By Cameron Barnes
Reader Staff
As Sandpoint residents, we should all be proud to know that our very own Panida Theater was chosen among roughly 250 venues across six continents (127 in the United States) to showcase the Manhattan Short International Film Festival. It was the first of its kind to simultaneously play its finalist entries worldwide, when it began in 1998. This year, 844 short film were received from 52 countries, of which only 10 finalists will grace the screen at the Panida Theater.
This showcase is also unique in the allowing each ticket holder to help determine the winners. Once you’ve seen the showing at the Panida, you will have the opportunity to cast your vote for the short film you thought outshined the others. Compare that to most major film festivals, which only seem to be concerned if famous actors review or vote in winners.
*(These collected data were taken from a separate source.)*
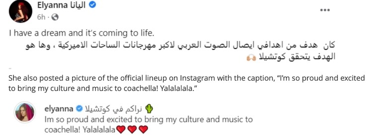 In an interview with Cosmopolitan, Elyanna was asked about where she sees her music career in five years’ time? The artist replied that she hopes that she’ll be in a place where she can actually succeed in her mission to leave a mark, not only in the Arabic world but internationally because her music has such a unique sound that she wants to share with the world. Well, her mission is about to come true as she prepares to represent her culture at the most popular music festival in the world.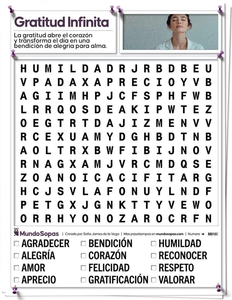 Una sopa de letras para imprimir gratis que garantiza la diversión para mayores con gratitud infinita incluida.
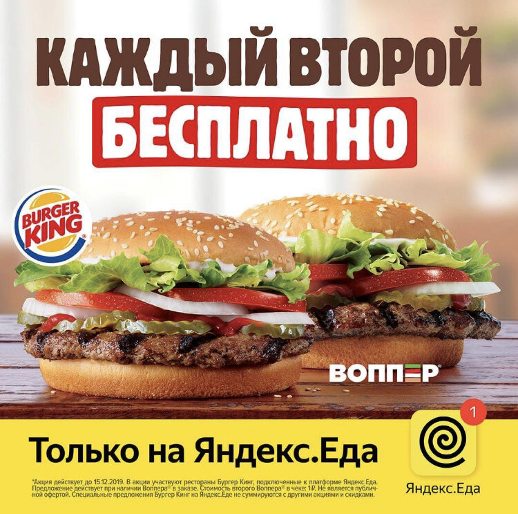 1️⃣ способ Получаем каждый второй Воппер за 1₽ в Burger King 🍔 При заказе через Яндекс.Еду 2️⃣ способ Приходим в макдональдс, покупаем что-нибудь недорогое (кроме салфетки, соуса, вафельного рожка) показываем скриншот (см.выше) и бесплатно получаем чикенбургер или чизбургер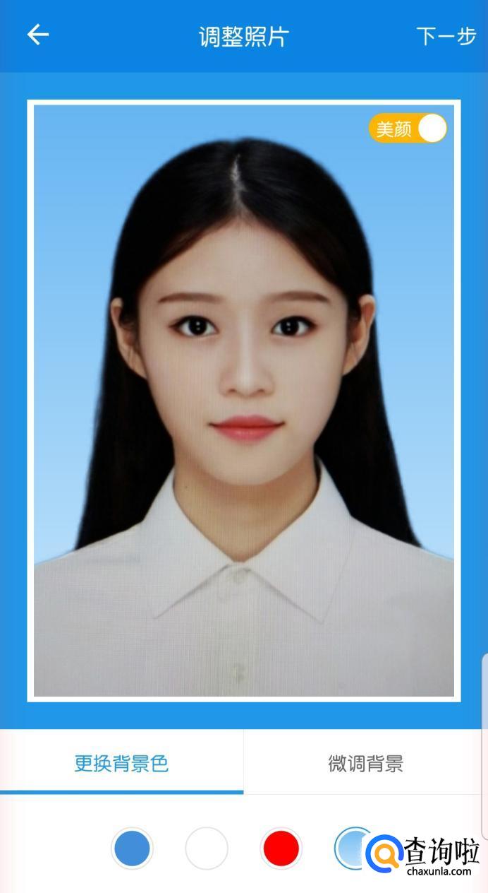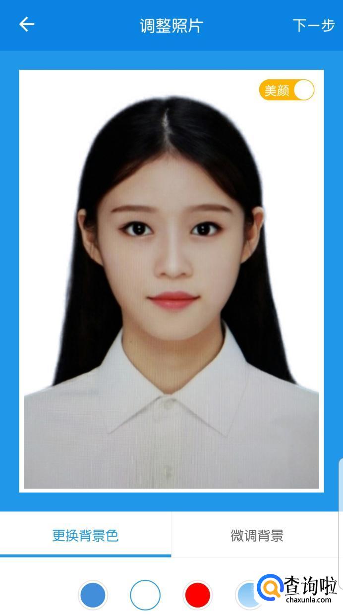 这时就开始调整背景图颜色,根据自己需要选择背景颜色,一般为蓝白红浅蓝,选择的时候系统会自己进行抠图修改,如果有些细节没有修改好的,则需要自己调整。

Manhattan Short’s bronze medal winner for 2015, “Bear Story,” went on to win the Oscar for Best Animated Short Film. The silver medal winner, “Shok,” received an Oscar nomination for Best Live Action Short Film.
I had a conversation with festival director Nicholas Mason about how this festival all began.
SPR: Considering Manhattan Short’s first year began as a projection onto a van, could you have ever imagined it becoming such an international spectacle?
NM: No, of course not, and it was never a plan either. After 2001 when they say the world changed, so did short films. What I notice with a lot of the filmmakers that made short films is that they are very relevant to what’s happening in the world at that time… This also means that the films date very quickly because they started to reflect how people were feeling in the world. So I really started thinking that I needed to share this with a wider audience … and once digital came out, you could put it onto a DVD rather than making these large Beta tapes, so it was affordable to ship.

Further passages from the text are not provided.